Manuel Pellegrini has just admitted Manchester City’s lavishly funded football academy is unlikely to produce a first-team player during his time at the club. José Mourinho has made similar comments in the past, with John Terry remaining Chelsea’s last home-grown player despite a huge financial commitment to youth facilities.
Five former England managers signed an open letter last week in support of Greg Dyke’s proposals for a quota system to increase opportunity for English players within the Premier League, but is there any evidence that this country can produce players of sufficient quality to compete on even terms with foreign imports? While the answer to that question may be a qualified yes, if one poses it slightly differently – can this country produce sufficient quality players? – there appear to be fewer grounds for real confidence.
The letter pointed to the emergence of Raheem Sterling, Ross Barkley and Harry Kane in support of the theory that this country can still unearth world-class talent, presenting that young trio as the latest in a line that goes back through Steven Gerrard and Gary Lineker to Stanley Matthews and Tom Finney. Yet exceptional players are not really the issue here. It has always been the case that the very best players rise to the top in England, and rarely the case that they have any difficulty getting noticed.
England might have won the World Cup at a time when the vast majority of players plying their trade in its leagues were home-produced and qualified, but that does not mean the overall standard was better back then and nor does it follow that increasing the Englishness of the Premier League would improve the effectiveness of the national team. Roy Hodgson and the nation might be happier if the England manager had more players from which to choose, but the number of exceptional talents at his disposal would most likely remain the same.

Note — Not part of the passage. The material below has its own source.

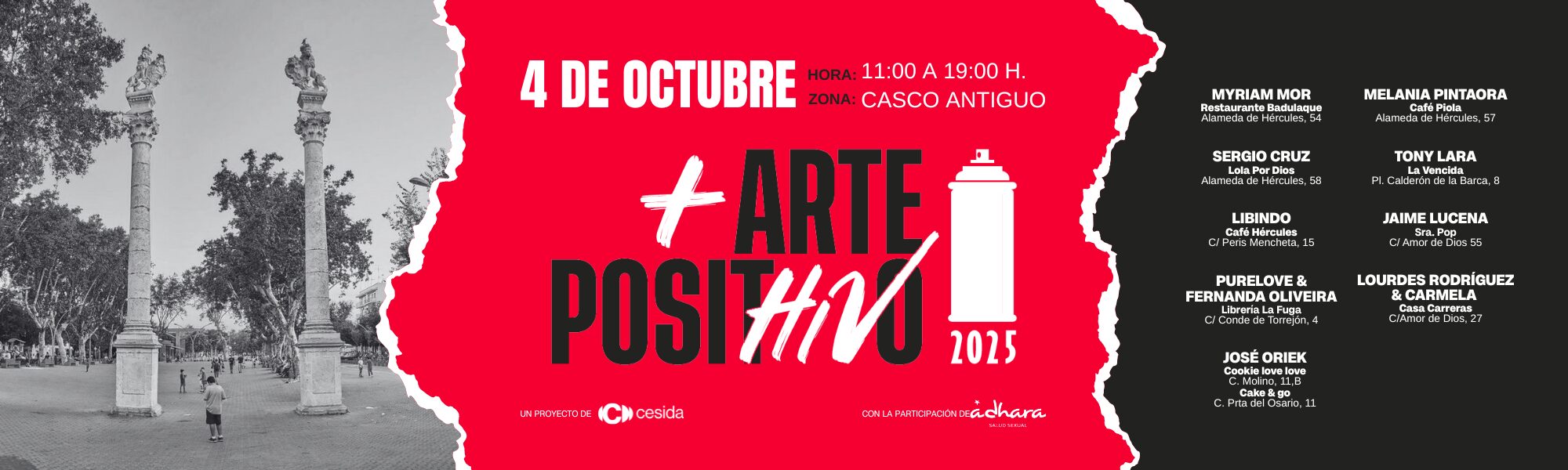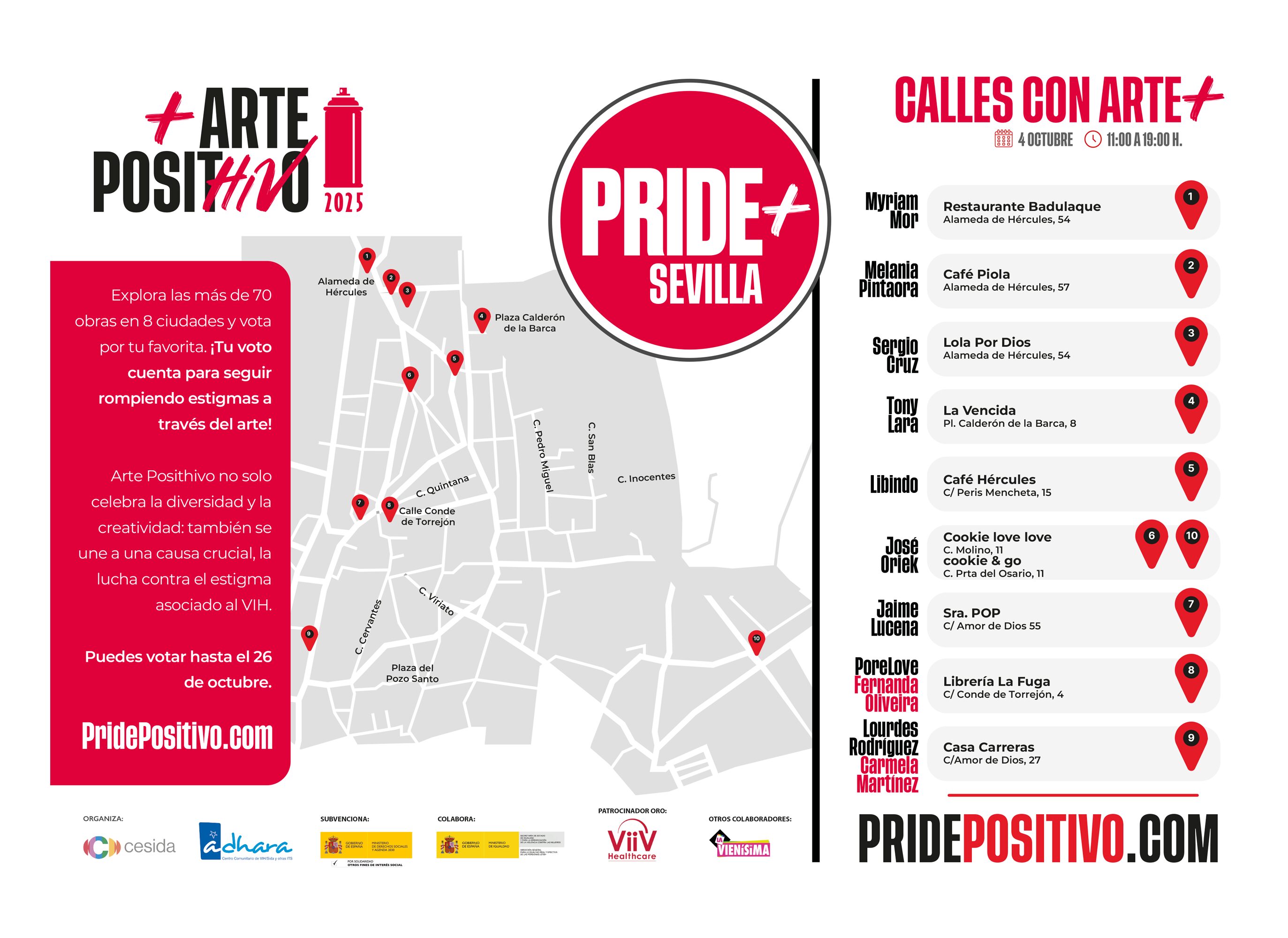 Los locales que acogerán las intervenciones artísticas en Sevilla son: Taberna La Vencida, Librería La Fuga, Casa Carreras, Café Hércules, Café Piola, Restaurante Badulaque, Sra. POP, Cookie Love Love, Cakes & Go y Lola Por Dios. Para facilitar el recorrido, la organización ha puesto a disposición del público un mapa en la web www.cesida.org/pridepositivo, que señala cada uno de los espacios donde se podrán descubrir las propuestas artísticas.

The challenge to anyone who believes otherwise is to answer the question of why the academies are not producing first-team players. They are not short of funding or facilities, they have been in situ long enough, there are plenty of hopeful aspirants. So where are the players? How come when Gerrard leaves none of the Liverpool first team will speak with a scouse accent? What happened to Manchester United’s youth development programme after the class of ’92?
Tottenham and Southampton, to be fair, are bringing through home-produced players with some success, though they are the exceptions rather than the rule and it looks as though Champions League football will elude both clubs for another season.
Look a little further down the table and clubs with traditional English cores can be found. Some of them, such as Stoke and West Ham, are not even near the relegation positions. The English footballer is not in any imminent danger of becoming extinct, the situation is simply that very few are good enough for the highest level. Given that the clubs at the top of the Premier League have an almost unlimited amount of money to throw at their various problems, it is hard to see why any of them should accept an increased English quota if it means a drop in standards.
Which it almost certainly would, since while the sudden increase in demand for Sterling’s services could be viewed as an indication that clubs recognise top English talent as a prudent investment, it also illustrates how rarely such an opportunity arises. Gerrard famously stayed loyal to Liverpool despite being tempted by Chelsea, Wayne Rooney was always going to end up at Manchester United once it became clear Everton were looking to sell, but had either of those two obvious talents appeared on the open market at 20 years of age all the top clubs would have been quick to register an interest.
English football could do with being a bit more English. Simply buying in talent from around the world is no way for a proud nation to behave, and a greater native presence at Premier League clubs would undoubtedly allow the game to feel better about itself.
That might be as good as the feelgood factor gets, however, even if Dyke’s reforms ever take shape. The idea that English football genius is being wasted through lack of opportunity is almost certainly erroneous, as is the theory that artificially increasing the pool of England-qualified players would put the country back in contention for a World Cup. The amount of real talent the nation produces appears to stubbornly remain the same across generations.
Just occasionally, if the right set of circumstances come together, it might be enough to win a World Cup. But what we are seeing week to week in the Premier League is something altogether different. Every season is more demanding than the next, and increasingly it seems the demands are not being met by English players.
“It is a problem,” Hull’s Steve Bruce has just admitted with his usual bluntness. “More young players are going out than coming in. I keep having to let players go because the standard of what we are looking for has gone up.”
That, it would seem, is a basic deficiency that can only be rectified by coaches, not quotas.